Teaching activities (since 2012 at EPFL)

  • air pollution and climate change
  • atmospheric chemistry
  • computational methods and tools
  • Semaine ENAC (life cycle analysis, pollution near roadways, computing)
  • Design Projects, semester projects, Masters theses

Tools

  • Programming languages: Python, MATLAB, R, Bash, C, Fortran, Lisp, Julia, Igor Pro
  • Editor: GNU Emacs, VSCode
  • Operating systems: GNU/Linux, macOS, Windows (with WSL - Windows Subsystem for Linux)

Course objectives

Objectives

  • prepare you for future courses in SIE
  • provide broad base of knowledge to build upon in future internships and Masters projects
  • prepare you to solve problems in engineering computationally
    • identify the type of model and data that you need
    • break down the problem into parts
    • implement solution that is traceable and reproducible
    • communicate the meaning of your results effectively to nontechnical clients

Learning outcomes

  • Describe differences among programming paradigms and data models.
  • Model a physical or chemical process.
  • Develop programs to solve quantitative problems.
  • Integrate simpler modules into a larger program.
  • Interpret program output.
  • Choose appropriate computational methods and tools to solve a problem.
  • Defend selection and implementation of computational methods and tools.

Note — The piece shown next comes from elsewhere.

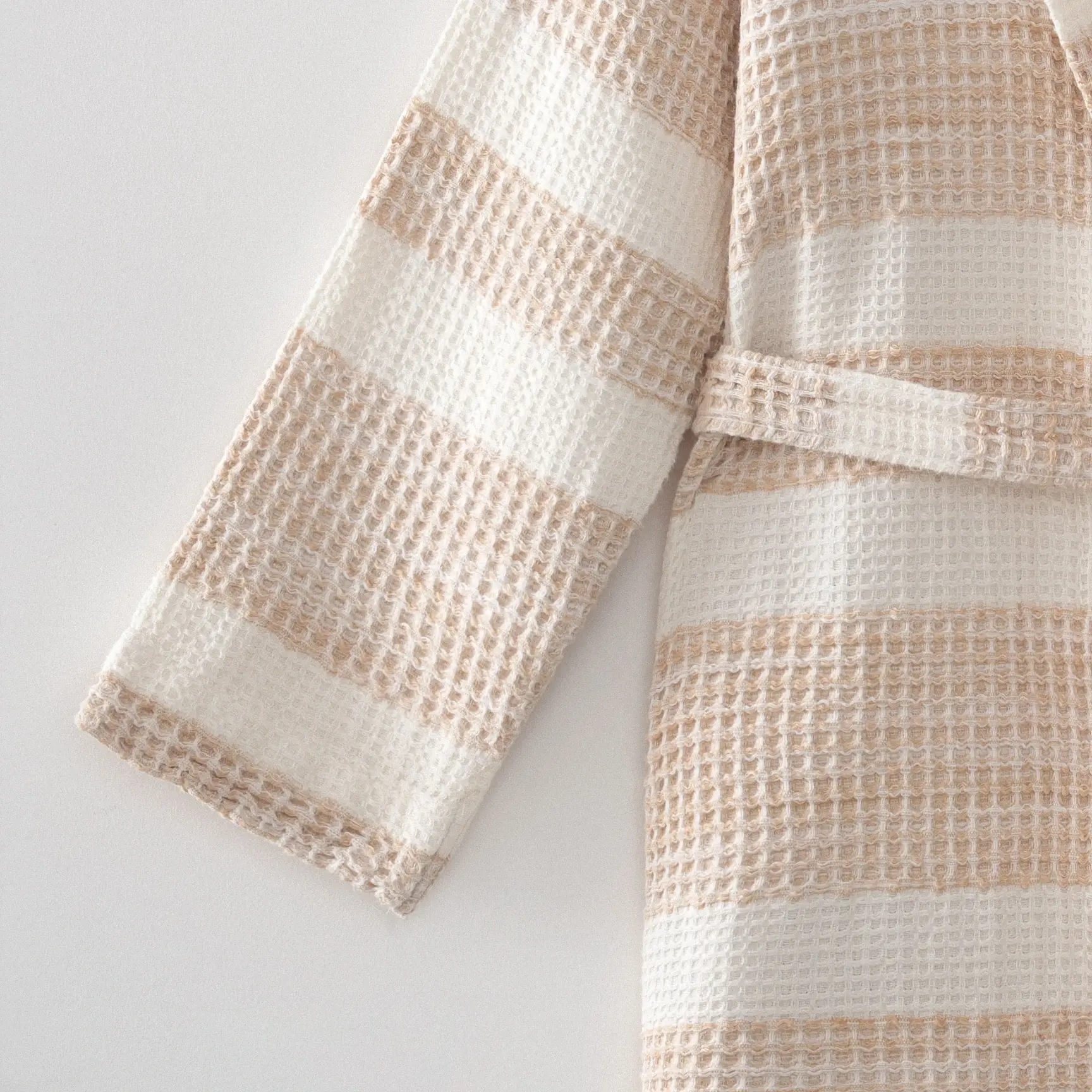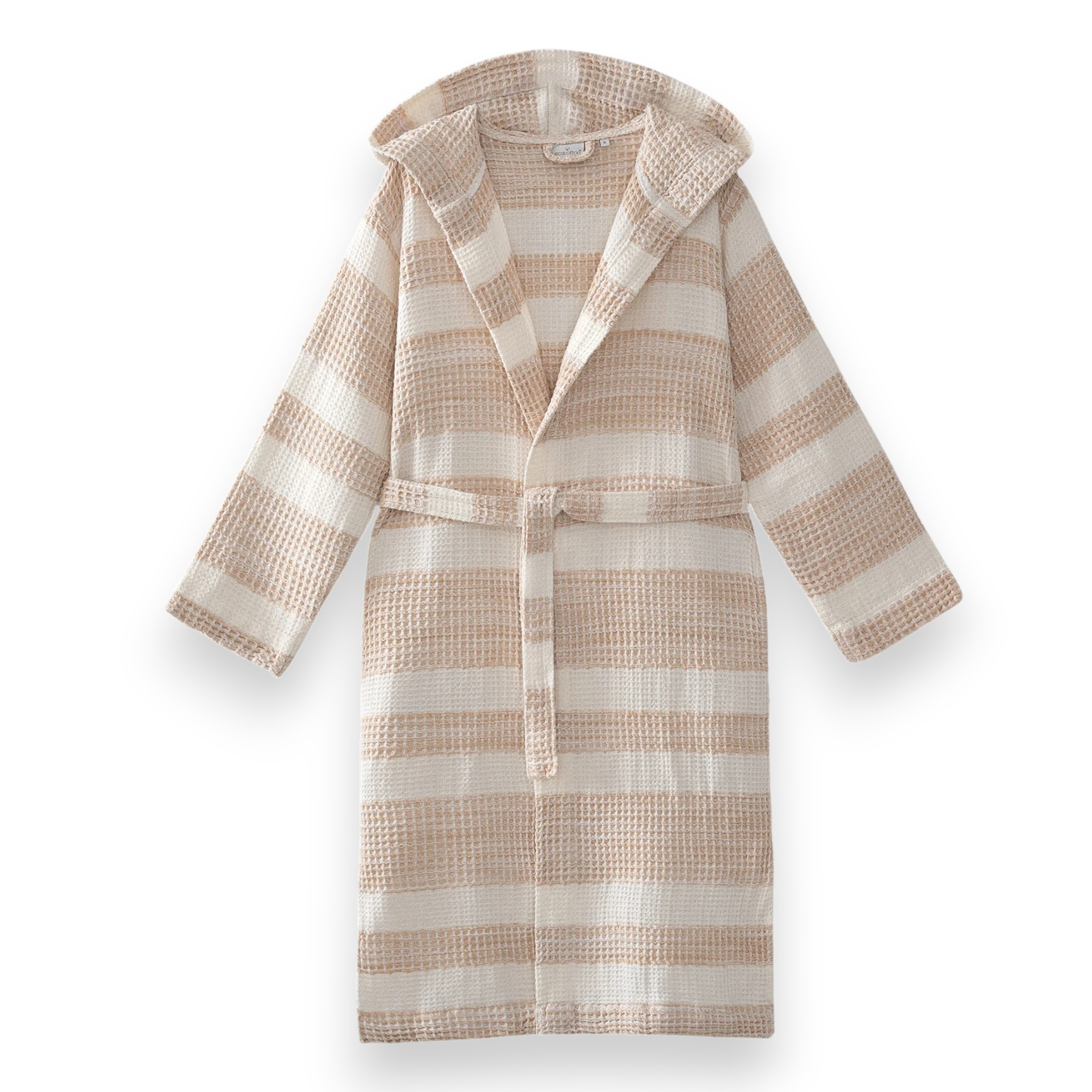 Мягкий вафельный халат из органического хлопка. Это нежная ткань, которая прекрасно впитывает влагу и остается приятной к телу даже после многочисленных стирок.
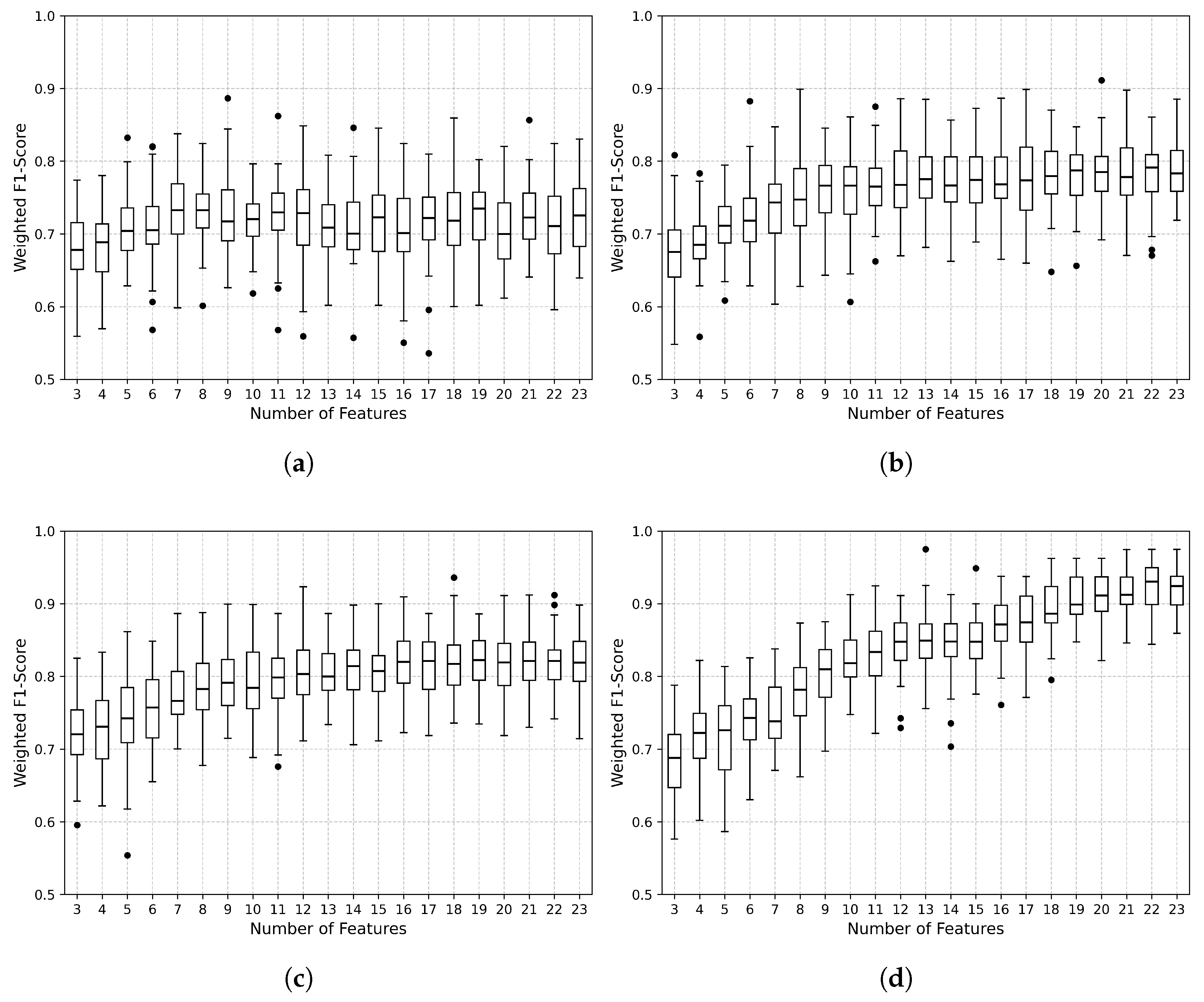 | ML Model | Mean of Weighted F1-Scores (23 Features) | SD of Weighted F1-Scores (23 Features) | Mean of Weighted F1-Scores (Enough Features) | SD of Weighted F1-Scores (Enough Features) |

Courses with computational elements

Course format (1)

  • 1st 1/2 of course (approx.): exercise + midterm
  • 2nd 1/2 of course (approx.): independent projects

Nominally:

Day Hours (room) Activity
Wednesday 13h-14h (GCC330) Lecture
14h-15h (GRB001 + GRC002) Exercise / Project (independent)
15h-16h (GRB001 + GRC002) Exercise / Project (with assistants):
Friday 10h-11h (GCA331) Lecture
11h-13h (GRB001 + GRC002) Exercise / Project (with assistants)

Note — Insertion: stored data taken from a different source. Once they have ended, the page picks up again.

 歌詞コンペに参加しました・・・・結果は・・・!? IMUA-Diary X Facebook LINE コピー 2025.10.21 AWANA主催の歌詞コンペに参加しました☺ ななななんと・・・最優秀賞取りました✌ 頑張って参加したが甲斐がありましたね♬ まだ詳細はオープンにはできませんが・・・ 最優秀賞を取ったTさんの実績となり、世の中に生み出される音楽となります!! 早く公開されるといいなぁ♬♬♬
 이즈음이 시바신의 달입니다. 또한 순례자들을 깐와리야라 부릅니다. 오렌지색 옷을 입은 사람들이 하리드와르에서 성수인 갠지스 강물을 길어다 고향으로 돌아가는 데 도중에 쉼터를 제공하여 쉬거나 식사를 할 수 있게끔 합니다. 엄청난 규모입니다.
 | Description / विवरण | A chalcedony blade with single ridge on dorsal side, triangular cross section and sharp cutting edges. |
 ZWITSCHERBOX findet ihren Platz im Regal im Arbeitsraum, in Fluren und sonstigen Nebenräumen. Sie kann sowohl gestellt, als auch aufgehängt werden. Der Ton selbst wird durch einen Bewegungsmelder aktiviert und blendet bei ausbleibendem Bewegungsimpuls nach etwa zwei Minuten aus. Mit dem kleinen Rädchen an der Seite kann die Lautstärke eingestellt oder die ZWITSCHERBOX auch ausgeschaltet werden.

We will reduce the lectures and increase the number of independent hours toward the end of the project period.

Exercise

  • solving problems with code: how to structure the solution to something that can be computed
  • identify what programming concept you need to know to code the solution so you can go learn it
  • some tutorial resources provided or suggested, but otherwise you can find one that connects to your background - the aim is to become sufficient in learning on your own

Project

  • introduction to new tools
  • write project proposal and advance progress independently, with feedback from assistants

Course format (2)

Note difference from previous course.

CS-119:

  • introduced to programming elements and complete exercises applying building blocks
  • self-contained problems

ENG-270:

  • presented with problem(s), identify which programming elements to use and how to build a solution from them
  • interact with “real world” (input/output)
  • learn what you need to know to solve the problem

Expectations are set by the course, students should become capable of formulating questions and searching for resources to learn concepts largely on their own.

How to get help (1)

If assistants cannot answer your question in 5 minutes, we recommend that you post your question to Ed Discussion.

Stack Overflow provides a good guide on how to ask questions, particularly related to programming. You are also welcome to post general questions on Stack Overflow, but for course-specific questions, you can use our Ed Discussion Forum.

Main points to note before posting a question asking for help:

  1. Try to debug using print statements and debugger.
  2. Search for error first on Google and be prepared to explain how yours might be different from previous instances you’ve found.

How to get help (2)

When you are ready to post your question, follow this checklist:

  1. Write helpful title.
  2. Introduce what you are trying to do.
  3. Describe the error and what you have tried already. Sometimes writing why solutions to related problems that are easily found on the internet do not apply to your problem.
  4. Provide code+data that reproduces this error.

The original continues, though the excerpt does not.